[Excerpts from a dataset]
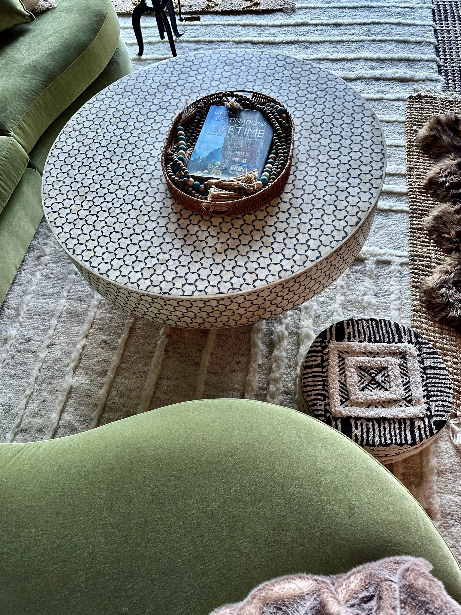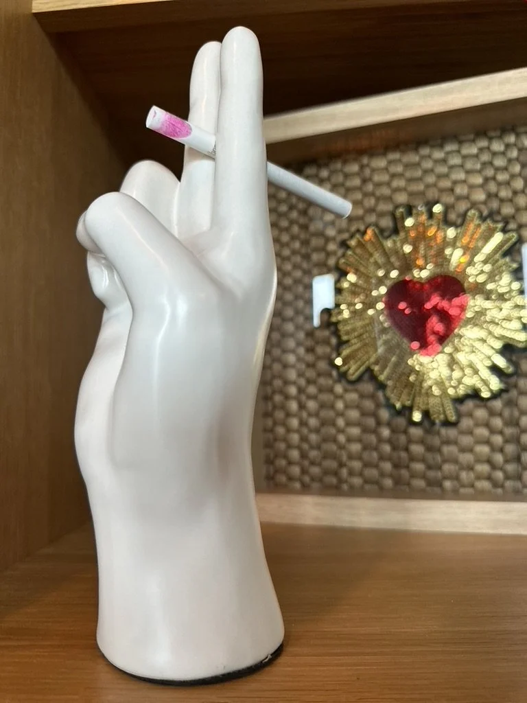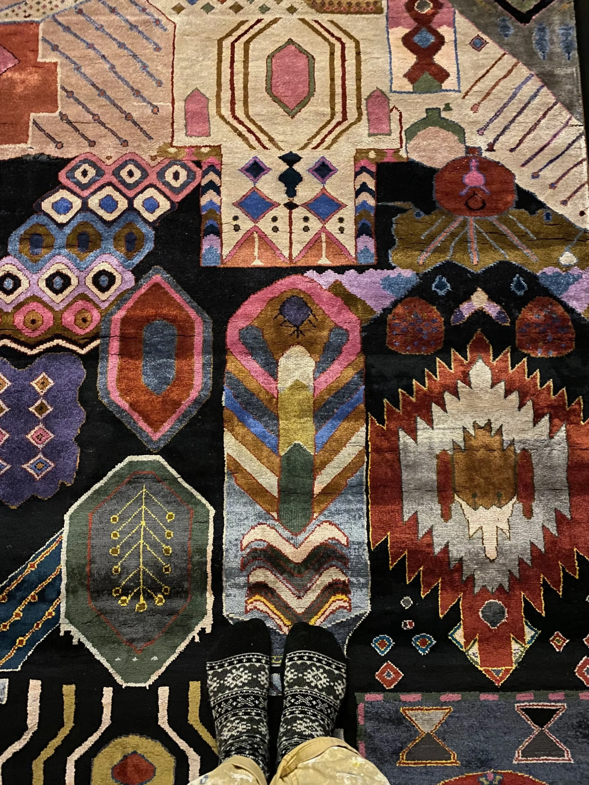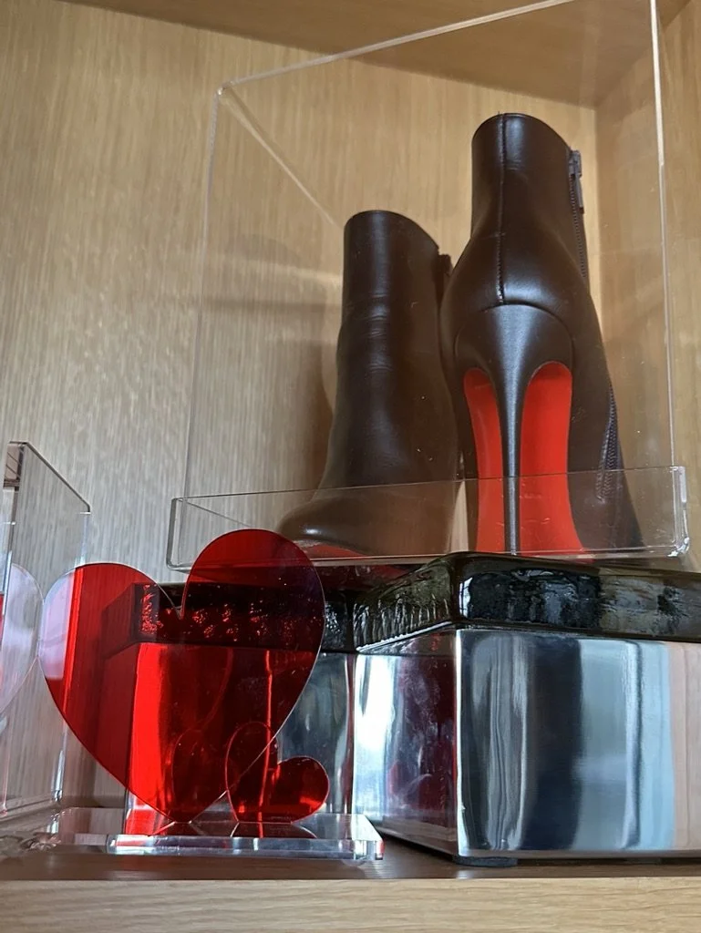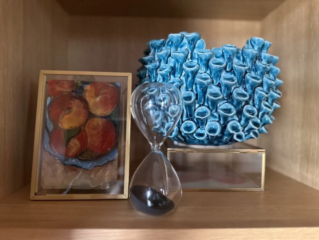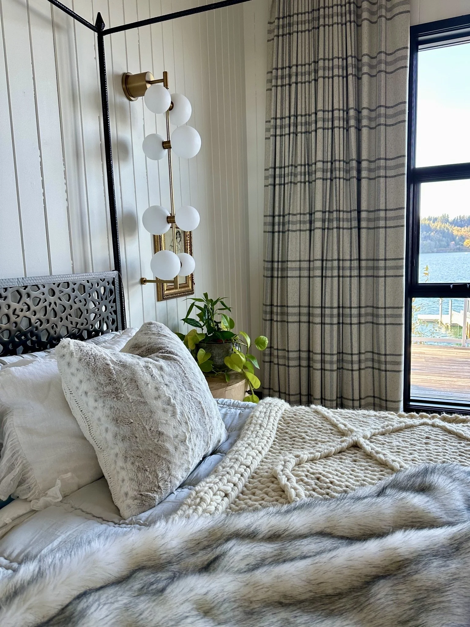 What began as a simple paint consultation for the primary bathroom quickly evolved into a full-scale, whole-house transformation. Every surface was reimagined—from walls to ceilings, floors to furnishings. Wide plank reclaimed flooring grounds the home, while 10-foot metal-and-glass barn doors create dramatic passages between spaces. Enormous glass chandeliers punctuate rooms with lighthearted grandeur, while custom furniture, draperies, rugs, and original artwork infuse personality throughout. Bold, playful wallpapers and layered textures bring energy and visual delight to every corner. Architectural details—including arched doorways, a river rock fireplace, and a soapstone-clad fireplace in the primary suite—add depth and tactile richness. In the powder room, a pink and brown onyx floating vanity serves as a sculptural centerpiece, combining luxury with utility, while in the primary bath, the massive birds-and-flowers wallpaper mural makes us feel Lilliputian by comparison. The design balances modern interventions with material-driven warmth, resulting in a home that is visually captivating, playful, and richly layered. And the cherry on top? A 7-foot-tall giraffe holding an Italian crystal chandelier in its mouth.
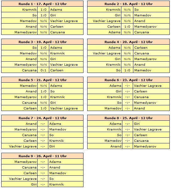 Rundenstart ist täglich um 12 Uhr, lediglich die letzte Runde beginnt eine Stunde früher. Der einzige Ruhetag wird am 22. April eingelegt.
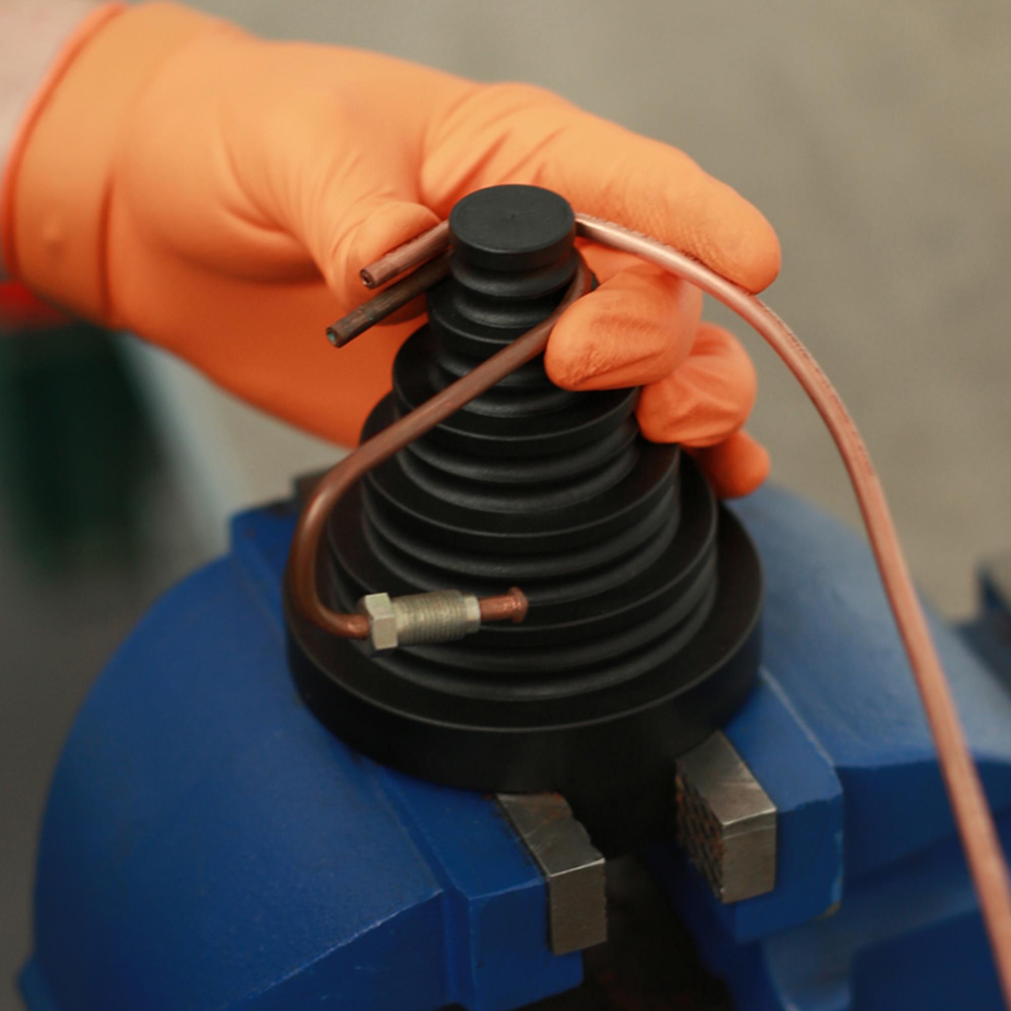 Hiermit lassen sich Rohre und Leitungen mit 4,75 mm (3/16") bis zu 6 mm (1/4") schnell, einfach und präzise per Handkraft in den gewünschten Radien biegen, ohne diese zu knicken oder die Kunststoffummantelung zu beschädigen.
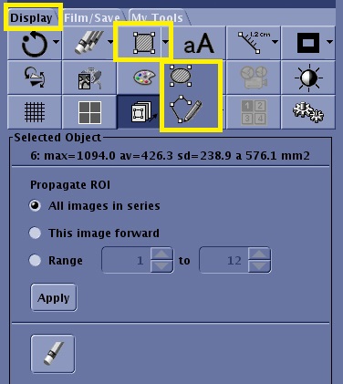 Use these steps to activate an ROI to obtain information on the standard deviation, mean, and area. The ROI statistics are displayed in the lower-right corner of an image. Up to three statistics can be displayed.
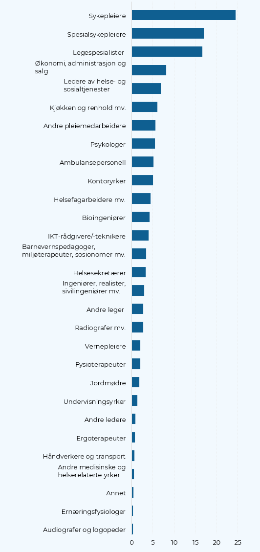 Helse og omsorg er en stor yrkessektor, med 20 prosent av norske sysselsatte (OECD, 2024). Dette er den største andelen i EU/EØS, foran Danmark med 18 og Nederland med 17 prosent. Norge, sammen med Østerrike og Kypros, har den høyeste dekningen leger, med 5 per 1 000 innbyggere. OECD (2024) viser at Norge også er i toppen når det gjelder sykepleierdekning, med 12 per sykepleiere per 1 000 innbyggere, samme som i Island, Finland, Irland og Tyskland. EU/EØS-snittet er 4,2 leger og 8,4 sykepleiere per 1 000 innbyggere.
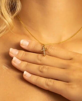 18K Gold Cross Necklace – with Sparkling Stones – Waterproof Jewelry
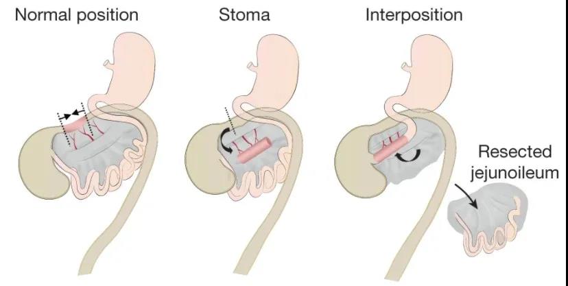 分兩步進(jìn)行的手術(shù)方法,用于在空腸的起點(diǎn)和回腸的終點(diǎn)之間插入需要移植的結(jié)腸類器官。
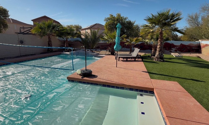 Located in Maricopa, this house is a great getaway, easy in and out access and you’re going to love the back yard! With 4 bedrooms including 1 king bed, 1 crib, 4 twin bunk beds, and 2 queen beds, guests will have plenty of space to relax. The property also offers amenities like a washer and dryer, AC, WiFi, and heating. Heated pool with basketball hoop and volley ball net make a great place for the whole families to play and relax. Corn hole boards on the turf, and pickle ball courts across the street will keep you busy! Our wonderful house will help you feel at home while you're traveling in Maricopa. Ak-Chin casino is less than 5 minutes to the south, with movies, bowling, arcade, and gambling.
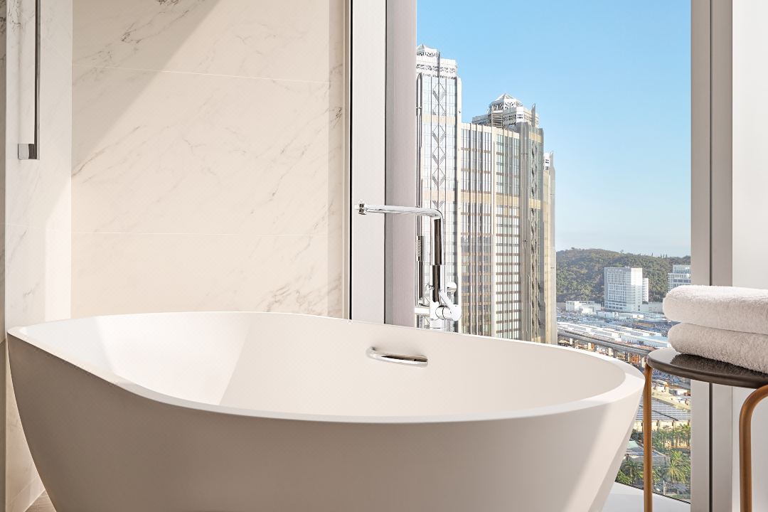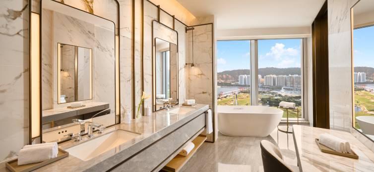 - 酒店一共选用了150套KA经典跑道形裙套浴缸200多套KA新款椭圆浴缸,既和室内的现代轻奢风格相辅相成,又和落
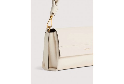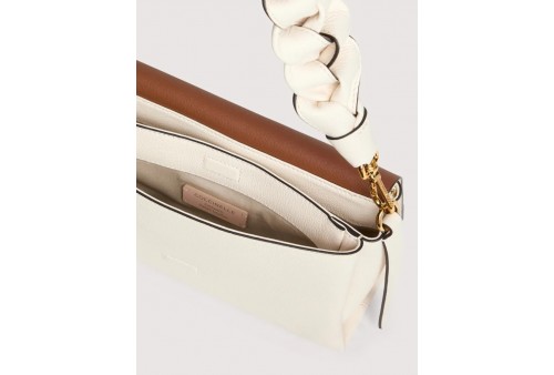COCCINELLE Boheme Small PEARL/COGNAC. Boheme è una linea realizzata in morbida pelle double e caratterizzata dal manico intrecciato che la rende femminile e contemporanea. Funzionale e capiente, è la borsa ideale per le donne più dinamiche. Questo modello è realizzato in pelle lavorata tramite specifici macchinari e poi bottalata per ottenere una mano particolarmente morbida. Questa particolare tipologia di pelle viene rifinita da entrambi i lati con pigmenti per ottenere l'effetto double. È un materiale resistente e adatto ad un uso quotidiano.
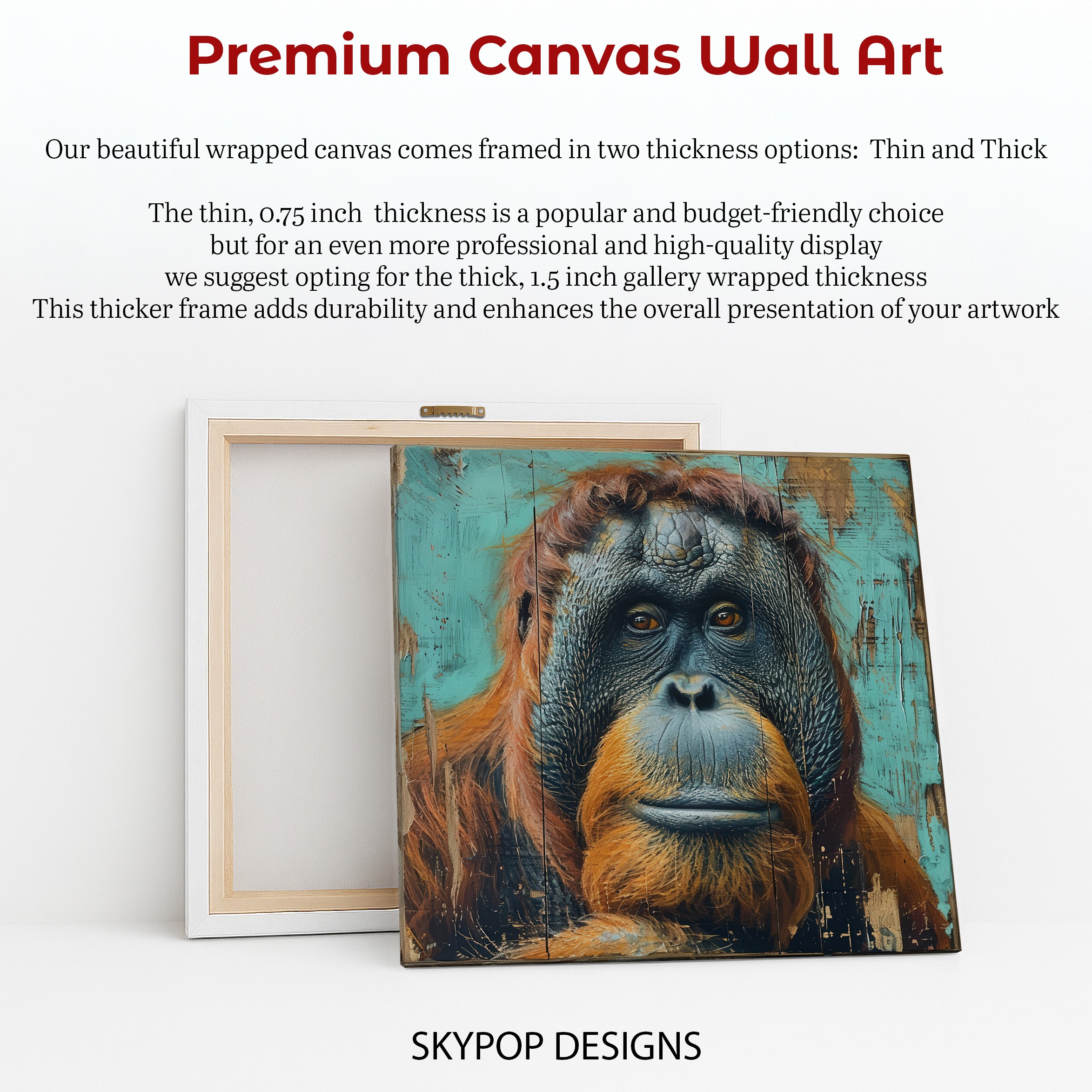 Keywords: Orangutan Wall Art, Canvas Print, Animal Art, Nature Art, Contemporary Art, Modern Decor, Rustic Decor, Living Room Art, Bedroom Decor, Office Wall Art, Entryway Decor, Brown Teal Art, Multicolor Wall Art, Orangutan Portrait, Wildlife Art, Home Decor, Statement Piece, Fine Art Print, Wall Decor, Textured Art, Soulful Gaze, Nature Lover Gift, Wildlife Enthusiast, Artistic Decor, Indoor Jungle, Bold Artwork, Eye-Catching Art, Unique Wall Art, Modern Animal Art, Canvas Wall Art

Problem requirements:
The copy should hold exactly the lines above from the one with "分兩步進(jìn)行的手術(shù)方法" through the one with "- 酒店一共选用了150套K", both ends counted, and no pictures at all.

Solved exercise:
 分兩步進(jìn)行的手術(shù)方法,用于在空腸的起點(diǎn)和回腸的終點(diǎn)之間插入需要移植的結(jié)腸類器官。
 Located in Maricopa, this house is a great getaway, easy in and out access and you’re going to love the back yard! With 4 bedrooms including 1 king bed, 1 crib, 4 twin bunk beds, and 2 queen beds, guests will have plenty of space to relax. The property also offers amenities like a washer and dryer, AC, WiFi, and heating. Heated pool with basketball hoop and volley ball net make a great place for the whole families to play and relax. Corn hole boards on the turf, and pickle ball courts across the street will keep you busy! Our wonderful house will help you feel at home while you're traveling in Maricopa. Ak-Chin casino is less than 5 minutes to the south, with movies, bowling, arcade, and gambling.
 - 酒店一共选用了150套KA经典跑道形裙套浴缸200多套KA新款椭圆浴缸,既和室内的现代轻奢风格相辅相成,又和落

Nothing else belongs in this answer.